**Exercise requirements:** Below are records to print word for word; include none of their pictures.

**Given data:**
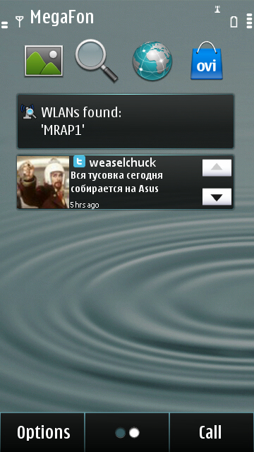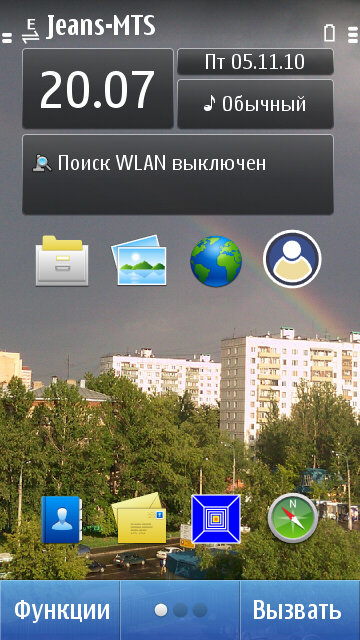 Программная организацияКлючевые отличия с пользовательской точки зрения сводятся к тому, что в Symbian^3 применяется система одиночного клика, в 4 раза возросла скорость скроллинга, изменен диспетчер задач, перерисованы многие приложения, ну а в общей сложности изменений насчитывается более 250. Далеко не все, конечно, заметны пользователям, многие относятся к организации работы отдельных приложений, так что мы рассмотрим самые важные. Это уже далеко не S50 5th Edition в N97, одним словом. Рабочих столов три, это первое отличие от Symbian^1. Кому-то кажется, что три – слишком мало, однако я не думаю, что кто-то пользуется 10 рабочими столами в том же Samsung Wave. Мне для размещения нужных иконок и виджетов хватило два рабочих стола, третий я отключил. Число виджетов, которые могут разместиться, фиксировано, как фиксирован и размер каждого. Это пять прямоугольных окошек, в вертикальном или горизонтальном режиме, которые располагаются в правильном порядке. Окошки не накладываются друг на друга, рабочий стол выглядит аккуратно, но малое число одновременно доступных виджетов на экране и маленький их размер – это недостаток. Особенно это становится заметно, когда работаешь с виджетом социальных сетей, на экране может поместиться только одно сообщение. Виджеты могут быть как в онлайн-режиме (автоматически обновляют информацию), либо оффлайн, если вы не хотите постоянно включенной передачи данных.
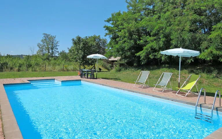 Rustieke, eenvoudig boerderijtje "Sociano", omgeven door bomen, weiden en velden. 4 appartementen in de woning. 11 km van het centrum van Bagnoregio, geïsoleerde ligging op een heuvel, 18 km van het meer, te midden van groen. Voor medegebruik: wild terrein 10.000 m2 met weide, openluchtzwembad (10 x 5 m, 80 - 180 cm diepte, seizoensgebonden beschikbaarheid: 30.Mei. - 19.Sep.). WC bij het zwembad, buitendouche, barbecue. In het huis: salon met TV, Internet (WiFi), biljart, tafelvoetbal, wasmachine (voor medegebruik). 1.5 km lange toegangsweg (onverharde weg). Parkeerplaats op het terrein. Winkel 11 km, levensmiddelenwinkel 11 km, supermarkt 11 km, bushalte 5 km, meer (zwemmen) "Lago di Bolsena" 18 km. Attracties in de buurt: Civita di Bagnoregio 7 km, Bolsena 16 km, Montefiascone 18 km, Orvieto 25 km, Viterbo 30 km. Lokale verkoop van streekproducten. De eigenaar heeft een hond. Dieren in de buurt.
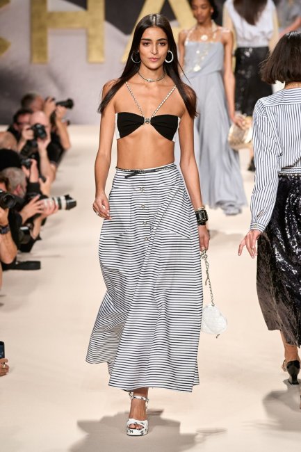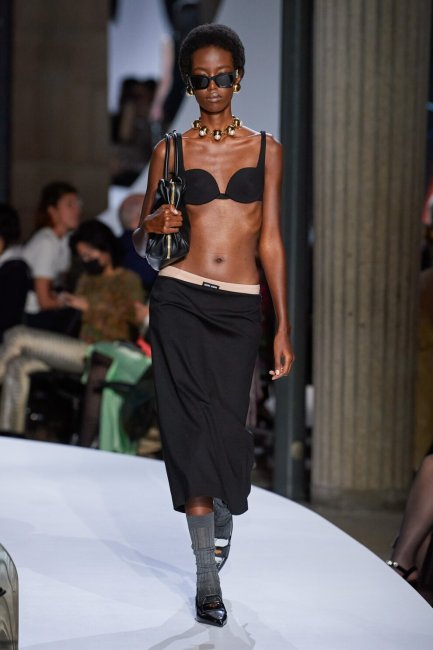 Низька посадка, натхненна нульовими роками, м'яко проникла до нас у гардероби. Ще кілька років тому ми не замислювалися, що знову носитимемо штани та спідниці з низькою талією, проте мода циклічна, і через 20 років цей тренд повернувся до нашого життя. Дизайнери цього літа пропонують поєднати речі з низькою посадкою з топами-бра, відкриваючи лінію преса. Так, на шоу Miu Miu моделі дефілювали у спідницях на стегнах у дуеті з гладенькими бюстгальтерами, Versace скомбінували витончені бра з шовковими спідницями з хустковим принтом, а Brandon Maxwell зробили ставку на брючний сет із чорно-білим забарвленням.
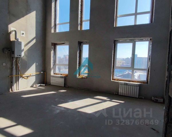 Кирпичные стены, потолки 3,2 метра, что визуально увеличивает пространство,
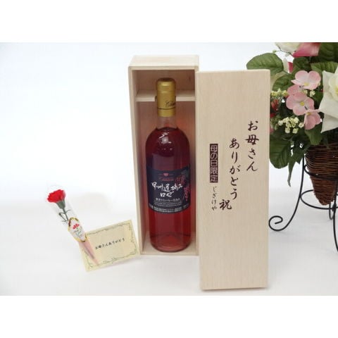 母の日 ギフトセット ワインセット お母さんありがとう木箱セット(シャンモリワイン 山梨県産ぶどう100% 甲州遅摘みロゼワイン 720ml 盛田甲州ワイナリー(山梨県))母の日カード お母さんありがとうカーネイション

**Answer to this problem:**
 Программная организацияКлючевые отличия с пользовательской точки зрения сводятся к тому, что в Symbian^3 применяется система одиночного клика, в 4 раза возросла скорость скроллинга, изменен диспетчер задач, перерисованы многие приложения, ну а в общей сложности изменений насчитывается более 250. Далеко не все, конечно, заметны пользователям, многие относятся к организации работы отдельных приложений, так что мы рассмотрим самые важные. Это уже далеко не S50 5th Edition в N97, одним словом. Рабочих столов три, это первое отличие от Symbian^1. Кому-то кажется, что три – слишком мало, однако я не думаю, что кто-то пользуется 10 рабочими столами в том же Samsung Wave. Мне для размещения нужных иконок и виджетов хватило два рабочих стола, третий я отключил. Число виджетов, которые могут разместиться, фиксировано, как фиксирован и размер каждого. Это пять прямоугольных окошек, в вертикальном или горизонтальном режиме, которые располагаются в правильном порядке. Окошки не накладываются друг на друга, рабочий стол выглядит аккуратно, но малое число одновременно доступных виджетов на экране и маленький их размер – это недостаток. Особенно это становится заметно, когда работаешь с виджетом социальных сетей, на экране может поместиться только одно сообщение. Виджеты могут быть как в онлайн-режиме (автоматически обновляют информацию), либо оффлайн, если вы не хотите постоянно включенной передачи данных.
 Rustieke, eenvoudig boerderijtje "Sociano", omgeven door bomen, weiden en velden. 4 appartementen in de woning. 11 km van het centrum van Bagnoregio, geïsoleerde ligging op een heuvel, 18 km van het meer, te midden van groen. Voor medegebruik: wild terrein 10.000 m2 met weide, openluchtzwembad (10 x 5 m, 80 - 180 cm diepte, seizoensgebonden beschikbaarheid: 30.Mei. - 19.Sep.). WC bij het zwembad, buitendouche, barbecue. In het huis: salon met TV, Internet (WiFi), biljart, tafelvoetbal, wasmachine (voor medegebruik). 1.5 km lange toegangsweg (onverharde weg). Parkeerplaats op het terrein. Winkel 11 km, levensmiddelenwinkel 11 km, supermarkt 11 km, bushalte 5 km, meer (zwemmen) "Lago di Bolsena" 18 km. Attracties in de buurt: Civita di Bagnoregio 7 km, Bolsena 16 km, Montefiascone 18 km, Orvieto 25 km, Viterbo 30 km. Lokale verkoop van streekproducten. De eigenaar heeft een hond. Dieren in de buurt.
 Низька посадка, натхненна нульовими роками, м'яко проникла до нас у гардероби. Ще кілька років тому ми не замислювалися, що знову носитимемо штани та спідниці з низькою талією, проте мода циклічна, і через 20 років цей тренд повернувся до нашого життя. Дизайнери цього літа пропонують поєднати речі з низькою посадкою з топами-бра, відкриваючи лінію преса. Так, на шоу Miu Miu моделі дефілювали у спідницях на стегнах у дуеті з гладенькими бюстгальтерами, Versace скомбінували витончені бра з шовковими спідницями з хустковим принтом, а Brandon Maxwell зробили ставку на брючний сет із чорно-білим забарвленням.
 Кирпичные стены, потолки 3,2 метра, что визуально увеличивает пространство,
 母の日 ギフトセット ワインセット お母さんありがとう木箱セット(シャンモリワイン 山梨県産ぶどう100% 甲州遅摘みロゼワイン 720ml 盛田甲州ワイナリー(山梨県))母の日カード お母さんありがとうカーネイション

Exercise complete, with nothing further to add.